If your state has a medical marijuana program and you have one of your state’s qualifying conditions, the first step is speaking to an MMJ doctor. The doctor will take you through the benefits as well as the possible risks or side effects of taking medical marijuana products. With your doctor's approval, you can then start the process of applying for a medical marijuana card.

The application process varies from state to state, but most involve signing up for the medical marijuana registry; this is often done online, and requires proof of your doctor's approval to use THC and CBD-derived products for medicinal use. If you are applying with a caregiver, their information will also be required.

What Products Can I Buy With a Medical Marijuana Card?

After applying for an Arizona medical marijuana card online and being approved, AZ residents can purchase up to 2.5 ounces of cannabis in any form in a given two-week period. There is no limit to the THC percentage that medical users can consume in AZ.

In other states, there might be an upper limit on THC levels—even for medical marijuana products, and your purchase and possession limits may be lower or higher than they are in AZ. Each state with an MMJ program also has its own rules regarding the tax savings and legal protections that apply if you have a medical marijuana card.

Where To Get Medical Marijuana

Once you have a medical marijuana card (assuming your state has an MMJ program), you can buy marijuana from medical dispensaries that sell legal cannabis products. Some states allow cardholders to buy products with higher levels of THC or buy a larger quantity of cannabis-based products than recreational customers. Some states also allow patients to grow their own marijuana plants at home, as long as it is for personal use.‌

Some states such as California also allow medical patients to buy products sold at recreational stores; other states like New York don't allow the sale of smokable products. Check the laws in your state to see what you can and can’t do as a medical marijuana patient and in what ways medical cannabis products in your state might differ from recreational products (if applicable).

The Legal Cannabis Market Can Provide Relief for Many Medical Conditions

While it might not be more potent than recreational weed, medical marijuana provides potential health benefits for patients suffering from a wide range of conditions that affect their everyday lives.

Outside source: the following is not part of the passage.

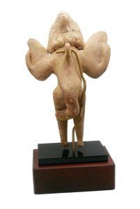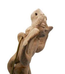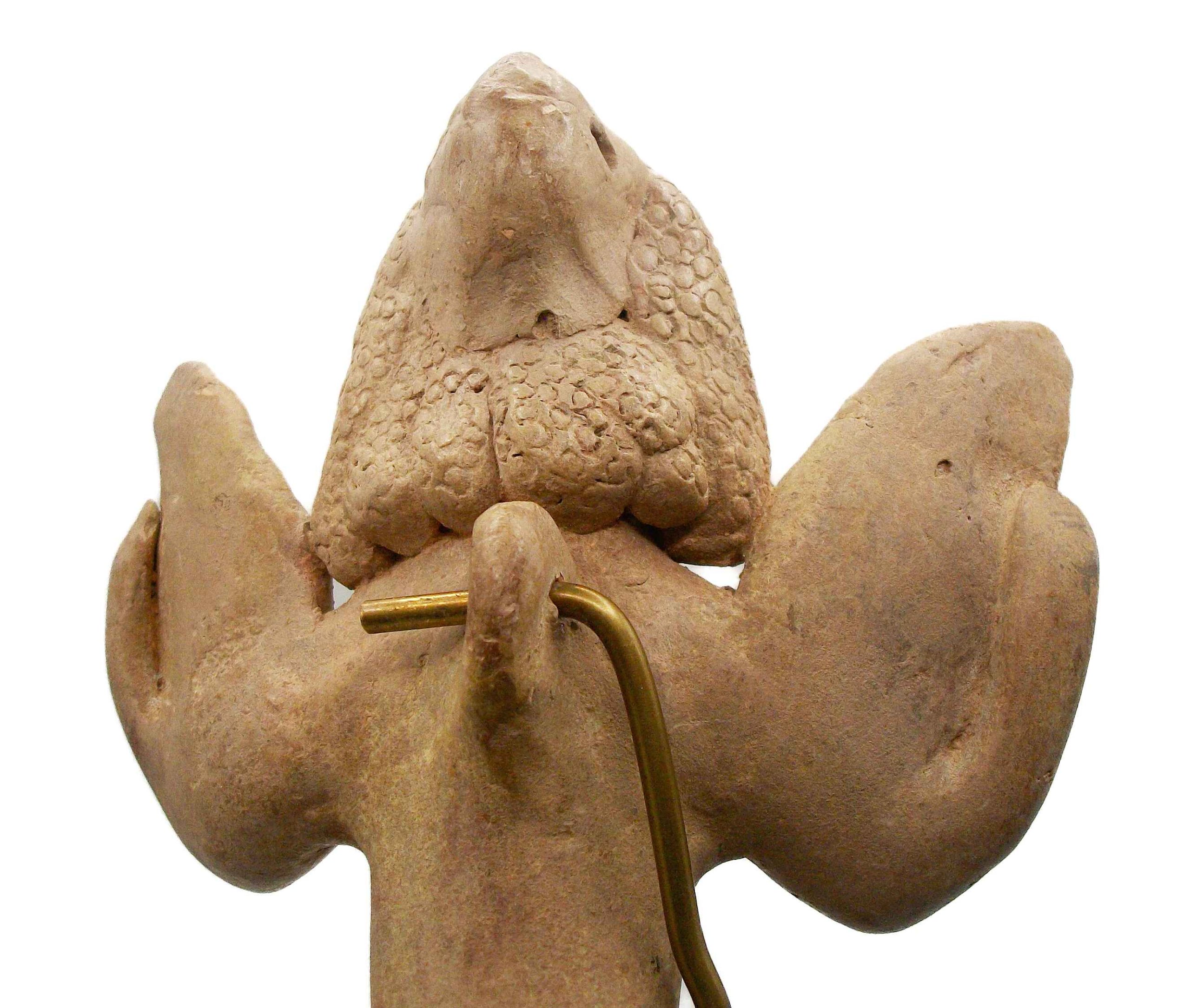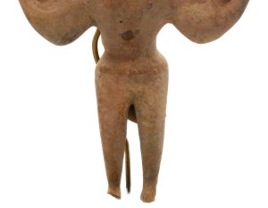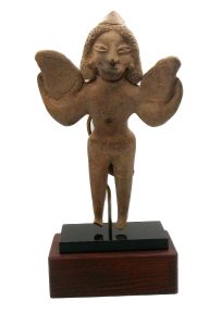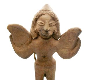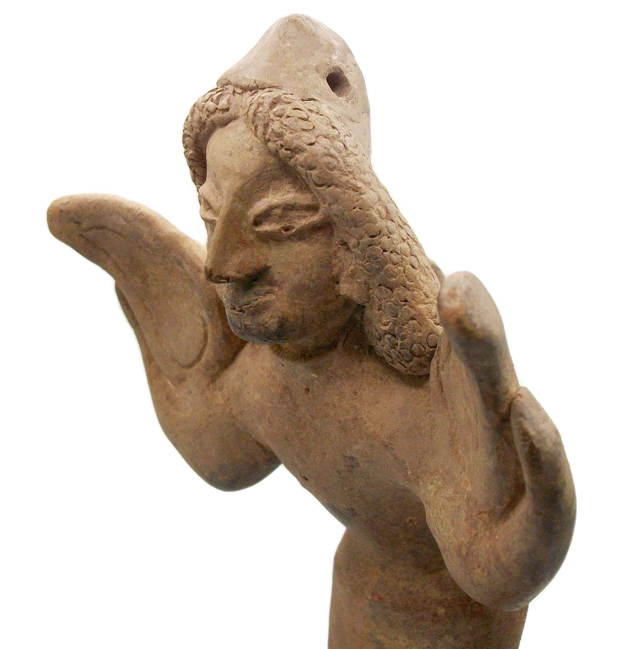 Terracotta winged figure of a man with detailed facial features including detailing to eyes and eye lids, prominent nose and a smiling mouth. Great detailing to long shoulder length hair displaying curls and wearing a small cloth cap. long thick tail to rear of figure with end section lost in antiquity.

Medical marijuana is a safer alternative to opioid-based pain relief and can be taken in many different forms.

Patients who wish to consume medical-grade marijuana should always follow the state rules carefully, buy their products from a reputable vendor, and ask for expert medical advice on what type of cannabis might help their condition. Embracing cannabis as part of your treatment can be a life-changing move on the path to a higher quality of life.